SABA improves SA on the most difficult DP-Complex from the strongest baseline GoT's 69.8 to 79.3 (+9.5 points), while the reasoning cost is only 25.8% of GoT (9.2 vs 35.7).
Obstacle identification is the most critical component: removing it results in the largest SA drop (22.2%), proving that explicit diagnosis of missing premises is essential to prevent premature commitment.
The contribution of Information Fusion is significant (removing it drops SA by 12.0% and CCR by 15.1%), indicating that pre-integrating scattered clues into a grounded intermediate state benefits subsequent reasoning.
Reasoning efficiency is superior: SABA's cost (9.2) is 23.3% lower than SC (12.0) and 74.2% lower than GoT (35.7), thanks to adaptive gating and targeted computation allocation.
Cross-model generalization: Stable performance on Llama-3.1-70B proves the framework does not depend on a specific backbone.

Highlights & Insights¶

The "perceive then act" paradigm shift is highly insightful: changing reasoning from "answer then revise" to "audit then build then answer" fundamentally addresses the confirmation bias problem. This concept can be transferred to any scenario requiring reasoning under incomplete information.
The formal representation of obstacles \(\omega = (\tau, \text{dim}, \text{req})\) makes missing premises first-class citizens—not just "something feels wrong," but precisely "what is missing, in which dimension, and what is needed." This explicitness supports subsequent systematic processing.
The full traceability of the reasoning trajectory (recording obstacles, queries, hypotheses, and state changes at each step) makes the reasoning process auditable, which is highly valuable in Explainable AI (XAI).
Adaptive gating is a pragmatic engineering decision—avoiding over-computation for tasks that do not require complex reasoning.

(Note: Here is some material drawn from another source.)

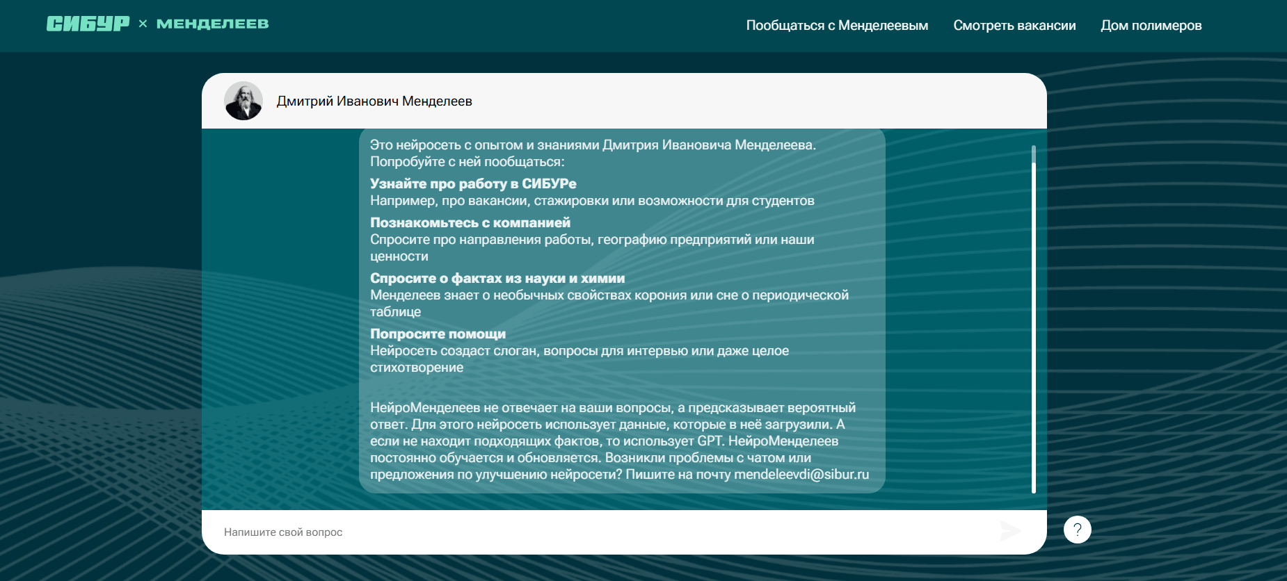 Активно развиваются нейроконсультанты, которые экономят время пользователей и снижают нагрузку на службу поддержки. Ассистентов уже внедрили Сбербанк, ВТБ, Почта России и другие компании. Из креативного — оживший Менделеев от нефтегазохимического холдинга СИБУР. Дмитрий Иванович консультирует соискателей по вакансиям, рассказывает про географию предприятия и ценности команды. Бонусом поможет подтянуть знание химии.
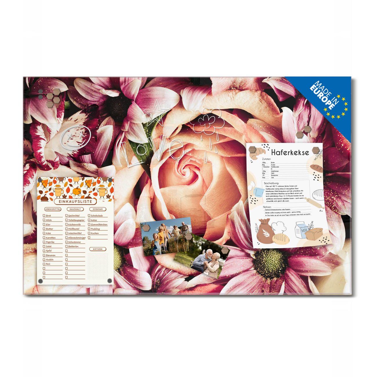 Ein Stück Design, das Ihren Alltag organisiert. Schreiben, heften, inspirieren - alles an einem Ort. Qualität, die man spürt. Montage leicht gemacht. Handwerk mit Herz - veredelt in Sachsen. Einzigartiges Design mit Motiv Motiv Brautstrauss Beschreibbare Glasoberfläche, leicht zu reinigen Starke Magnetkraft durch Stahlrückwand Inklusive 4 Neodym-Magneten Flexible Montageoptionen Handveredelt in Sachsen - Qualität, die bleibt

Limitations & Future Work¶

SABA relies on the self-assessment capability of the backbone model; smaller models may have limited obstacle detection quality.
The recursive process introduces higher latency, which may affect real-time applications.
Structured input processing in the IF module depends on the model's instruction-following ability; end-to-end clue extraction remains an open problem.
Evaluation was only conducted on detective reasoning and general QA, without verification on other reasoning types like code generation or mathematics.
The fixed maximum depth \(t_{\max}\) and gating thresholds require manual setting.

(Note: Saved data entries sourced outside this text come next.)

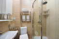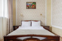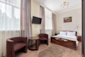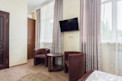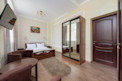 Двухместный номер «Джуниор» имеет интерьер в классическом стиле: обои декорированы вставками в виде узоров – яркого стилистического элемента классического дизайна . Здесь использована пастельная цветовая гамма, на фоне которой контрастно выглядит мебель, выполненная из дерева. Шикарная кровать занимает центр комнаты, ее украшает резное изголовье и настенные светильники. К кровати примыкают миниатюрные светильники, которые составляют единую визуальную композицию спального места. Зона досуга состоит из тандема кресла интересной формы и журнального столика. В комнате размещен ковер с длинным ворсом – приятное дополнение интерьера. Ванная комната – небольших размеров и очень уютная, укомплектована принадлежностями для личной гигиены, набором полотенец и халатами.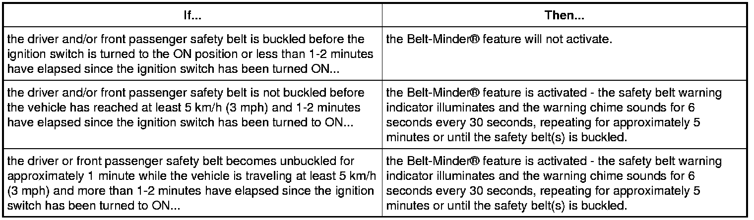 The Belt-Minder(R) feature is a supplemental warning to the safety belt warning function. This feature provides an additional reminder to the driver that the driver and/or front passenger safety belt is unbuckled by intermittently sounding a chime and illuminating the safety belt warning indicator in the Instrument Cluster (IC) module.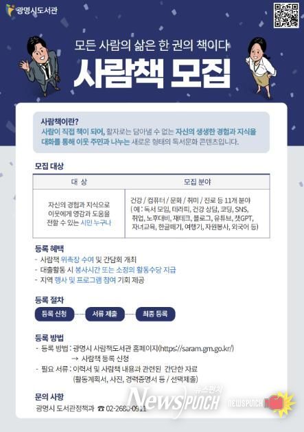 사람책으로 활동을 희망하는 시민은 광명시 사람책도서관 누리집의 ‘사람책 등록’ 게시판에서 신청하면 되며, 이웃을 추천하고 싶은 시민은 누리집 내 ‘커뮤니티–질문과 답변’ 게시판을 통해 참여할 수 있다.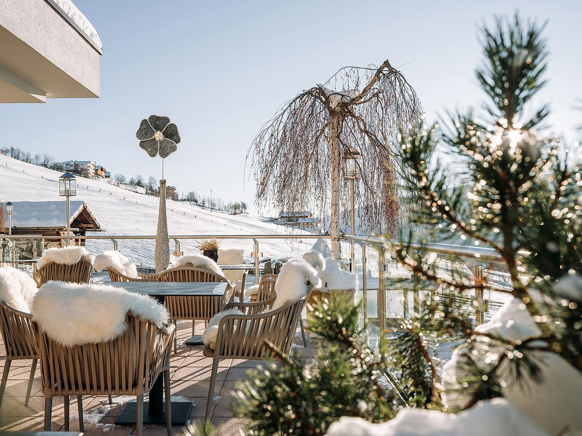 jedinečné výhľady na horské panorámy#krásne wellness centrum s rozlohou 2 000 m² s bazénom, vírivkou a viacerými saunami#vkusné zariadenie v tradičnom juhotirolskom štýle#súkromný skibus k dispozícii výhradne pre hotelových hostí#obmedzená ponuka večernej zábavy v blízkom okolí hotela (-) |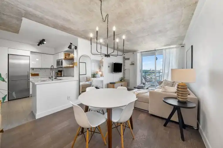 Welcome to 1369 Bloor St W – Located in the Heart of Bloor West Village! Featuring an updated 1-bedroom condo with East-facing balcony with views of Toronto skyline and CN tower, large windows, and a highly functional layout with a generous sized kitchen and separate dining area – ideal for both daily living and entertaining. The chef-inspired kitchen includes quartz countertops, stainless steel appliances, herringbone backsplash, under-cabinet lighting, floating walnut shelves, and modern fixtures. Enjoy engineered hardwood floors and smooth concrete ceilings throughout for a sleek, contemporary feel. Set in a building with excellent amenities, including an outdoor pool – perfect for cooling off in the summer months or entertaining! Plus a gym, party room, and security system. Located just steps from the Sterling Road arts and innovation district – home to the Museum of Contemporary Art (MOCA), the Drake Commissary, Henderson Brewery, and a growing mix of creative studios, tech offices, and cafes. The surrounding Junction Triangle is one of Toronto’s fastest-evolving neighbourhoods, combining industrial charm with vibrant community energy. Nature lovers and active commuters will appreciate being close to the West Toronto Rail path, a multi-use trail perfect for walking, jogging, and cycling, offering a peaceful, car-free connection through the city surrounded by trees, murals, and green space. Additionally, Transit couldn’t be easier with the Bloor subway line and UP Express just minutes away – downtown in 10 minutes, Pearson Airport in 20. A perfect opportunity to live in style, with space, convenience, and culture right at your doorstep.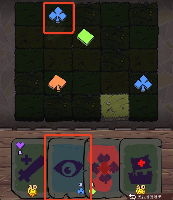 2、点击拾取蓝色符文,如此便能使用透视卡,通过驱散黑雾来探索房间的各个区块,进而获取金币。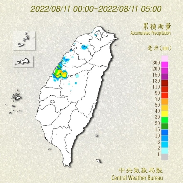氣象局今晨對苗栗縣、台中市、彰化縣發布「大雨特報」,對流雲系發展旺盛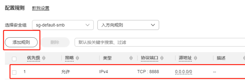 访问应用需开通 8888 端口、访问 MySQL 数据库需开通 3306 端口等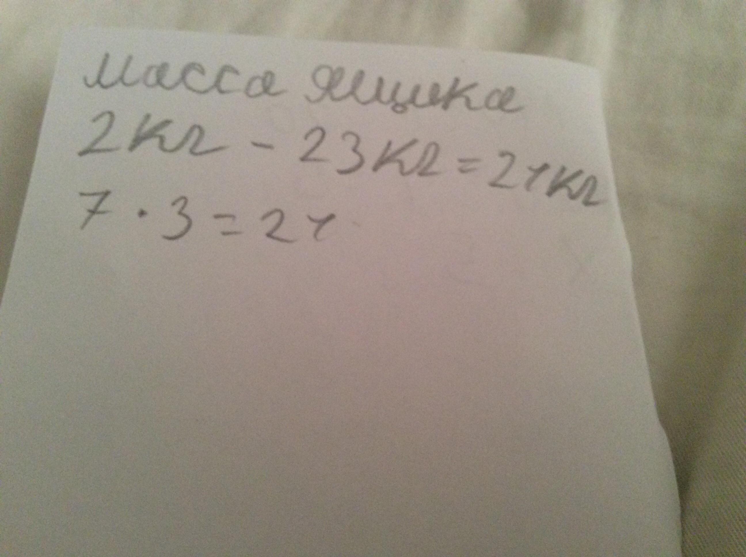 в ящик масса которого 2 кг ставят банки с соком. одна такая банка с соком весит 7 кг. сколько банок можно поставить в ящик если масса ящика с банками не должна превышать 23 кг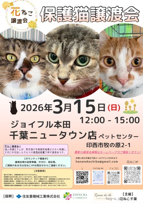 【花ねこ千葉】開催予定の譲渡会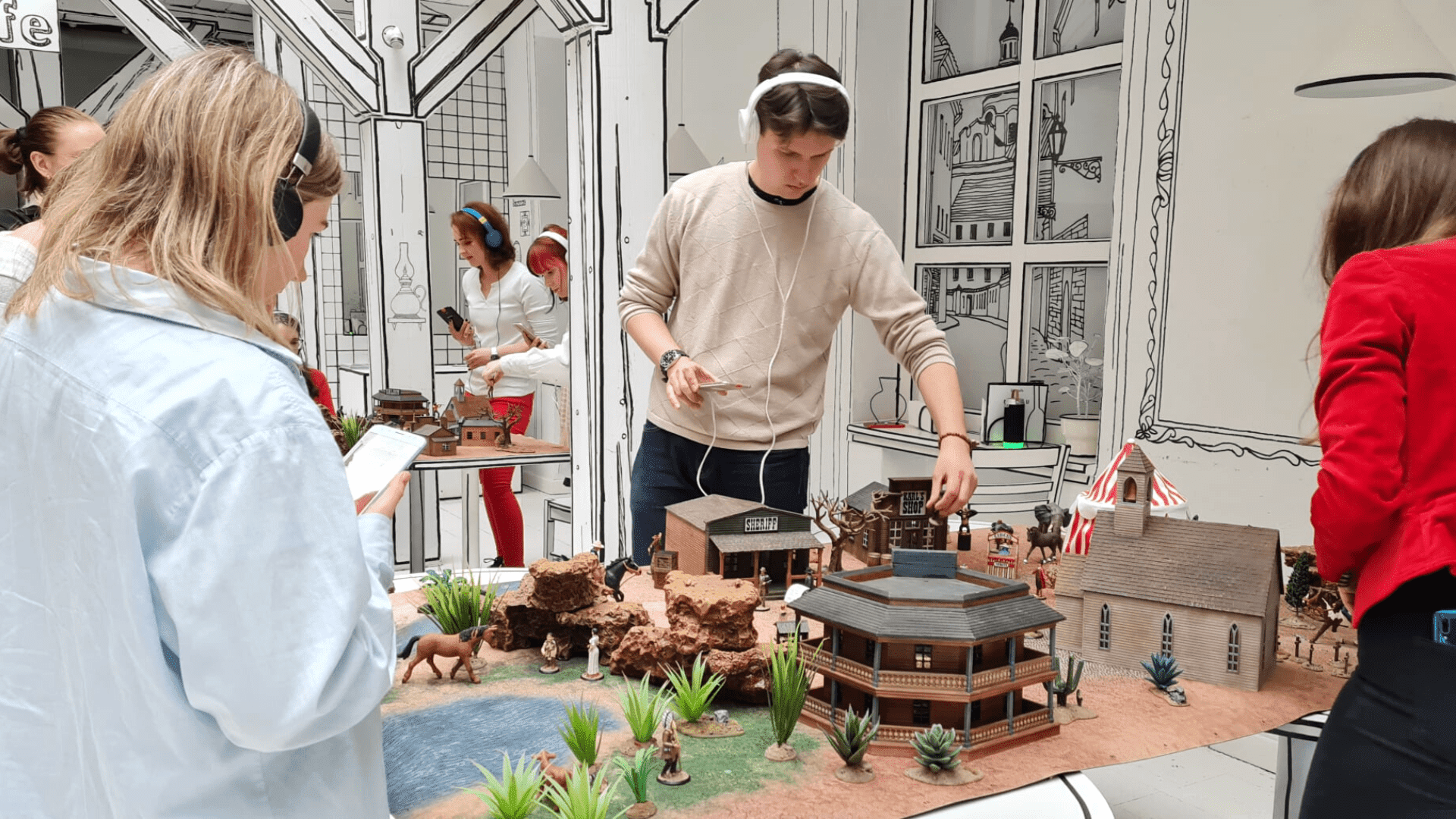 profesionalus moderatorius, interaktyvus miniatiūrų maketas, mobilieji įrenginiai, ausinės |

vs CoT: CoT is a linear chain and tends to commit to and expand upon early hypotheses. SABA explicitly checks for completeness before reasoning, avoiding error propagation.
vs Self-Refine/Reflexion: These are "answer-then-correct" methods prone to confirmation bias. SABA shifts the correction target from candidate answers to the underlying knowledge state, forcing an audit of completeness and consistency before commitment.
vs GoT (Graph-of-Thought): GoT externalizes trajectories but operates on unstructured text, lacking explicit representation for missing/inconsistent information. SABA formalizes reasoning as iterative structured state construction and verification.
Insights: The state-first reasoning concept may be valuable for RAG systems—building and verifying the retrieved knowledge state before performing reasoning based on it.

Rating¶

Novelty: ⭐⭐⭐⭐ The "perceive then act" concept is novel, though specific techniques (IF + QSR) have moderate innovation.
Experimental Thoroughness: ⭐⭐⭐⭐ Robust across benchmarks, ablations, and models, though the detective reasoning dataset is small (31 cases).
Writing Quality: ⭐⭐⭐⭐ Formal definitions are clear and visualizations are strong, though some mathematical notations are heavy.